§ **What this task involves**
In the entries below, repeat only the lines between those holding "I timbri preinchiostranti" and "腹部付近や袖先付近にシミ汚れがございます。", inclusive. Leave pictures out.

§ **Records for the task**
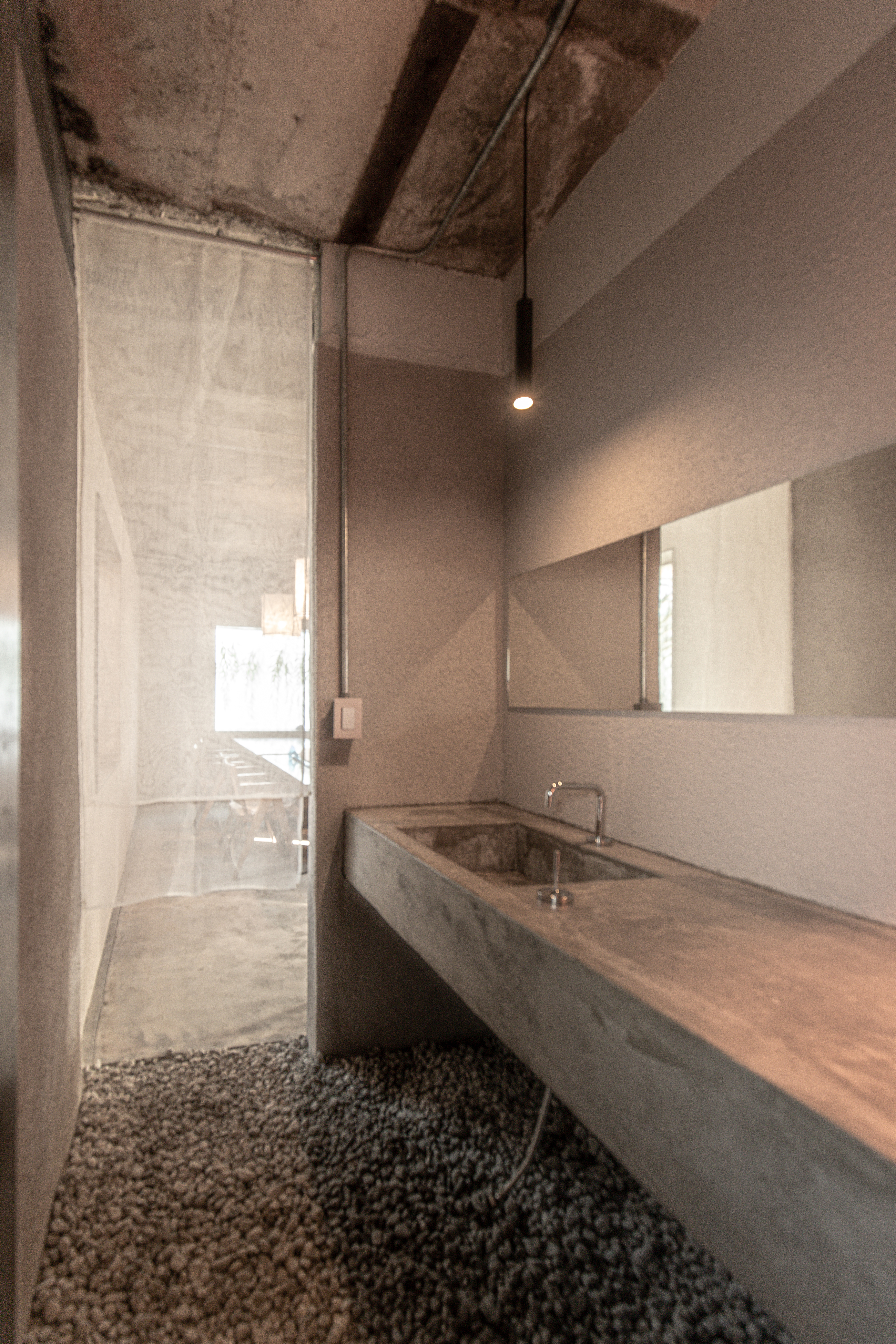 The interior floor, walls, and ceiling finish preserved the existing concrete finish after demolition. The wall that can reach a person's hand or body was finished with a Staco coating that most resembles concrete, not a white or clean coating that removes traces of the past. The design of light also excluded stimulating hidden lights and direct installed lights as much as possible, maintained minimal illumination with a Gat lamp using fabric, and pursued the same comfort as a lamp in the past. In particular, in summer, lights with regulators were used to make darker. This place, which used to be a small room, uses the window of the room to share the nature of the open garden and does not specifically design it. It only arranged sofas and stools made of old old wood with a time of about 50 years. The space, which used to be a large room, has a house on the back of the building, showing sunlight and opaque nature using translucent glass and protecting privacy. The bathroom was made of a washbasin with concrete-like finish that appeared after using or demolishing gravel in the yard.
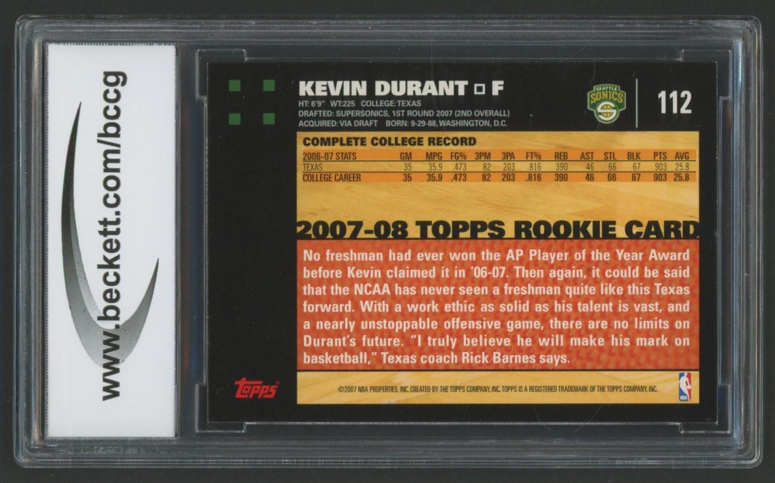 Kevin Durant 2007-08 Topps #112 RC (BCCG 10)
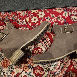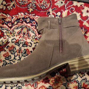 New in Box Clarks Marana Amber Taupe Suede Ankle Boots - Size 8
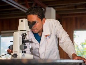 We also visit Tegucigalpa, the capital of Honduras, to see how we’re keeping kids out of gangs through World Vision’s “Youth Ready” program. We meet Rony Nuñez who was in a gang and lost many of his friends due to gang violence. As World Vision Honduras, National Director Jorge Galeano explains, World Vision has access to areas where most other organizations are not allowed. This is because we’re a faith-based organization and can work through 2,000 local churches to penetrate into the areas with gangs. We’re successful in turning around the lives of people like Rony, who is now studying to be a clinical lab technician (above).
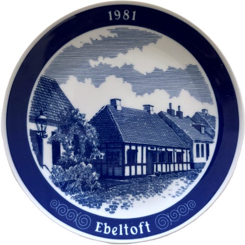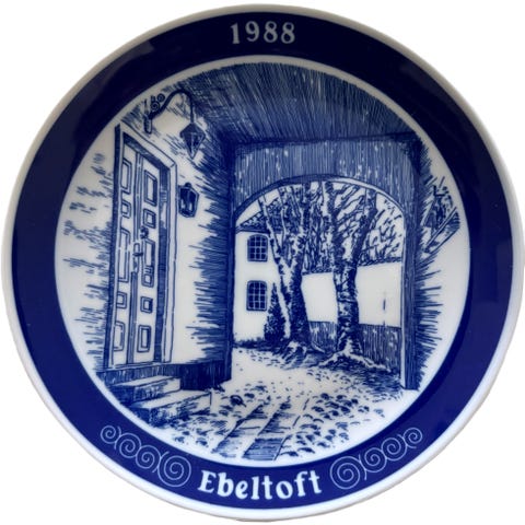 Super flot blå platte fra den serie af platter som Millhouse i 1970'er og 80'er udgav med motiver fra Ebeltoft.
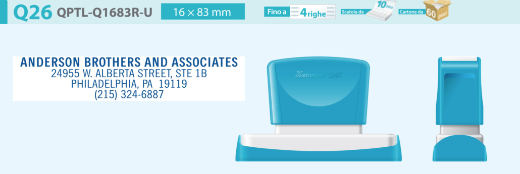 I timbri preinchiostranti personalizzabili sono convenienti per tutti gli usi d’ufficio e personali. Questi timbri di alta qualità possono essere personalizzati con un testo, una firma o un logo.
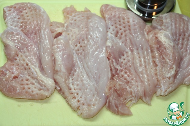 Филе куриных грудок слегка отбить, слишком тонко отбивать не нужно.
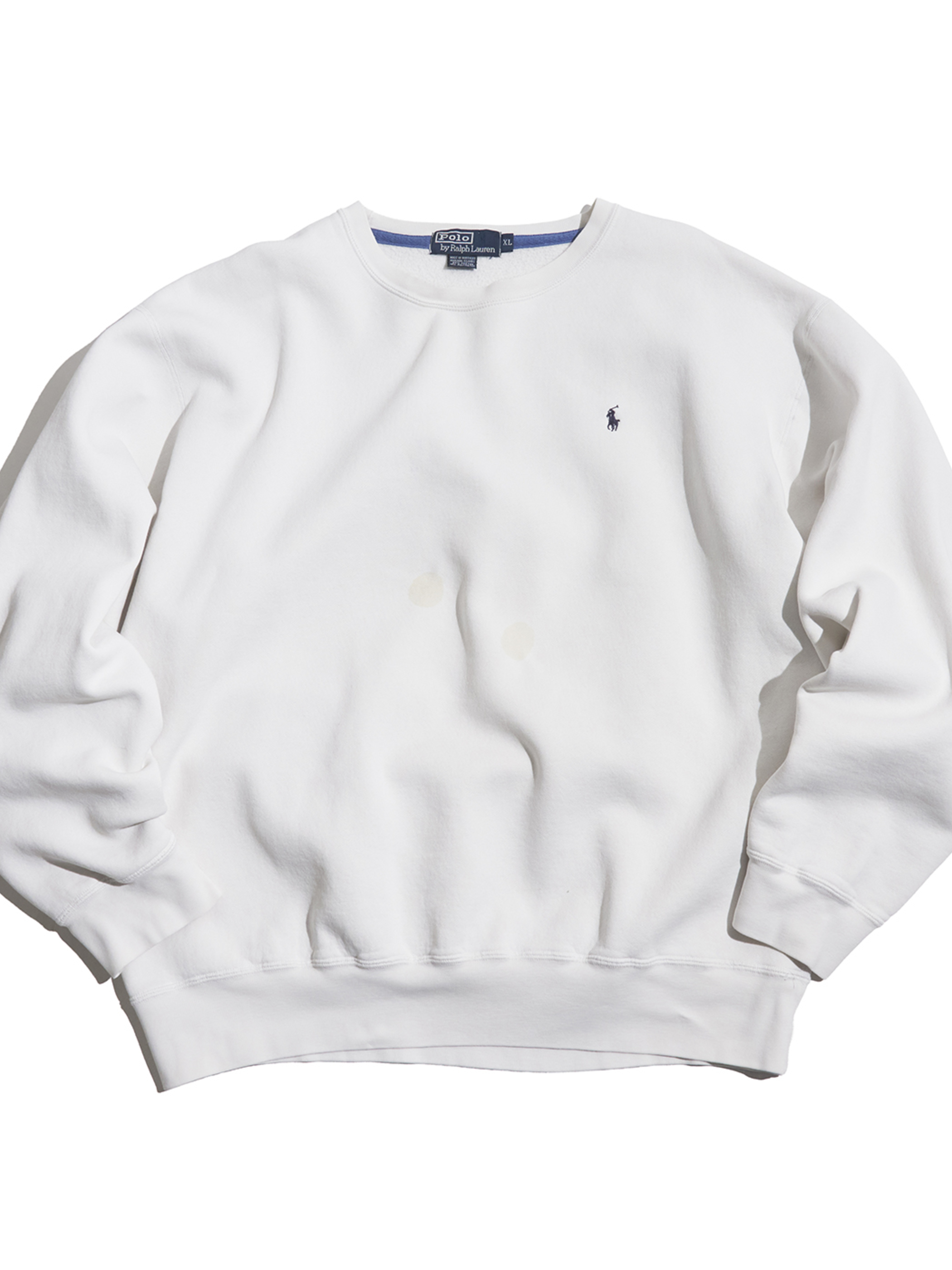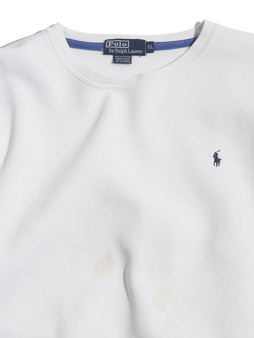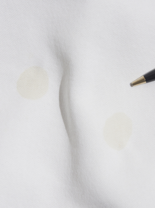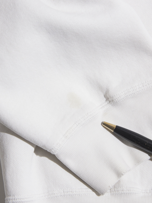 腹部付近や袖先付近にシミ汚れがございます。
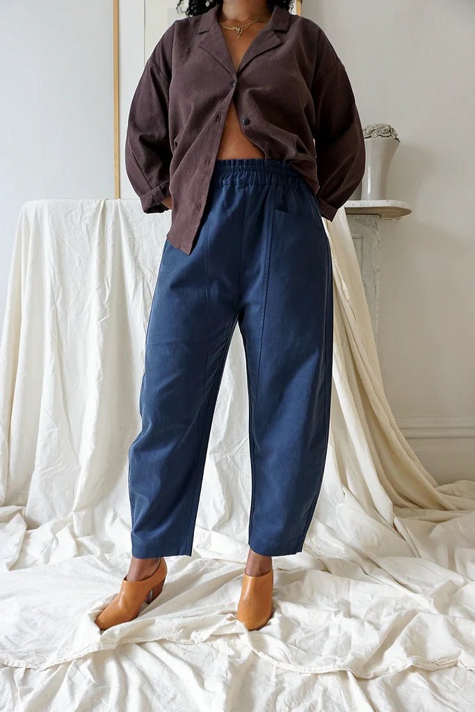 Ursa Minor's Flor Arca Pants are the perfect comfy-yet-chic pant for any season. Featuring an elastic waistband, these pants have two front pockets and front panels on the leg. They have a tapered, slouchy leg, similar to a boyfriend jean, making them a great relaxed choice. The blend of cotton and tencel give these pants a durable yet silky feel with a slight sheen that can be dressed up or down with ease. Pair them with your favourite jewelry and blouse for a night on the town, or a relaxed t-shirt for an effortlessly cool, casual look.

§ **Exercise solution**
 I timbri preinchiostranti personalizzabili sono convenienti per tutti gli usi d’ufficio e personali. Questi timbri di alta qualità possono essere personalizzati con un testo, una firma o un logo.
 Филе куриных грудок слегка отбить, слишком тонко отбивать не нужно.
 腹部付近や袖先付近にシミ汚れがございます。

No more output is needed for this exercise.